Quote starts at 1:20. One of the funniest movies I've ever seen.

------
dk1138
This is a push to up-end the company culture, which is its own steep
challenge. Kudos it they can do it.

Management has a role. Business politics is a real thing. Power struggles are
not stymied by an egalitarian approach.

Any company will have decision makers at all levels of influence and control.
In some situations, managers are those with time and wisdom to be able to sort
out what is a regular ask and what is going to be an uphill challenge.

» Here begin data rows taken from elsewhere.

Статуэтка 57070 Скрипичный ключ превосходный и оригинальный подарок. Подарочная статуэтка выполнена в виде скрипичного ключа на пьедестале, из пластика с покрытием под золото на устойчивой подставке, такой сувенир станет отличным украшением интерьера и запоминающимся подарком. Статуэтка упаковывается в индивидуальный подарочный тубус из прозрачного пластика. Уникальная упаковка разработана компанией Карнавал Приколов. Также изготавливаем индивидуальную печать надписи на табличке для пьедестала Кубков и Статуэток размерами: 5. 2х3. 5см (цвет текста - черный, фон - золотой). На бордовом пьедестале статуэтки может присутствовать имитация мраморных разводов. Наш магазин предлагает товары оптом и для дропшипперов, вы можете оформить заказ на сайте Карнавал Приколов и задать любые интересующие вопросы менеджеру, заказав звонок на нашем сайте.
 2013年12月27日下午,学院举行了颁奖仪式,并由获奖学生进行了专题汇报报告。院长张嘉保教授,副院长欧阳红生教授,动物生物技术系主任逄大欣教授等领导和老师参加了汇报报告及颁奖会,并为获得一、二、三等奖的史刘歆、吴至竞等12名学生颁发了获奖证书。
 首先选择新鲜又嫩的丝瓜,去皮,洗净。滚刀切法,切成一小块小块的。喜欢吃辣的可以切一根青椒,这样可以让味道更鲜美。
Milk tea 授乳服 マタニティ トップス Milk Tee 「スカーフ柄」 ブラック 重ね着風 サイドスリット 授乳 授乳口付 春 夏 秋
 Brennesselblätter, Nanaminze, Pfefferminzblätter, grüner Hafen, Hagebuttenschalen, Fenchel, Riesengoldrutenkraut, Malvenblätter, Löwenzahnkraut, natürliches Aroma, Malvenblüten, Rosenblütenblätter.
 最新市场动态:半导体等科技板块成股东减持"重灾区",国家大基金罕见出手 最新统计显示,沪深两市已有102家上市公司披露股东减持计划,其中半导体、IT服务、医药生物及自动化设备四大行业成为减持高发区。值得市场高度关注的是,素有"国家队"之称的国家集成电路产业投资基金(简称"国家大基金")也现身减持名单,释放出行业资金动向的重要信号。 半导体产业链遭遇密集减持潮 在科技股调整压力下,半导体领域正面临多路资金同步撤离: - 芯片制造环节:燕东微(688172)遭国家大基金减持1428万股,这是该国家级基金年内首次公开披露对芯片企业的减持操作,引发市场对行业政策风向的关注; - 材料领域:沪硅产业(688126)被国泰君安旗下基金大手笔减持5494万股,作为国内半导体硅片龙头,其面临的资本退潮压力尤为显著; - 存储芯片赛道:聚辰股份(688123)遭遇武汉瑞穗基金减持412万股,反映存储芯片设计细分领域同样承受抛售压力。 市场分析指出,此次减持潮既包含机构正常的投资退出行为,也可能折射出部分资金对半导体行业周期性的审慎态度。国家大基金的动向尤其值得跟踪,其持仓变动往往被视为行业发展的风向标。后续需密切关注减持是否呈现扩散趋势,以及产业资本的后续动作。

One of my favorite quotes from one of my managers was "I'll finish the fights
you start." My autonomy in that role came from reinforcement from a wiser,
steadied hand. I believe good people managers have a distinct place in
employee growth.

Good people managers create employee groups that generate self-organizational
habits, self-manage based on goals, and have increased efficiency. Poor people
managers get in the way of this. Good people managers know when to step in to
advocate for business importance where inexperienced employees may be able to
generate good work product, but not be good advocates (yet!) They also
understand longer term missions that may have been disclosed to them, so that
they can prioritize correctly.

This prioritization is vital. I don't think the people lead themselves to the
verdict that their work/problem is low on the totem pole. Quite the opposite,
people own the role they are in and advocate as best they can. Self-
organization and self-management require a distinct understanding of the
business and where one's work lies in the scheme of things. Without management
acting as a buffer, this could create a lot of noise.

------
slowernet
Based on the "adapt or get out" tone and unironic use of jargon like "Teal
Organization", I picture their emergent culture landing somewhere between Lord
of the Flies and Scientology.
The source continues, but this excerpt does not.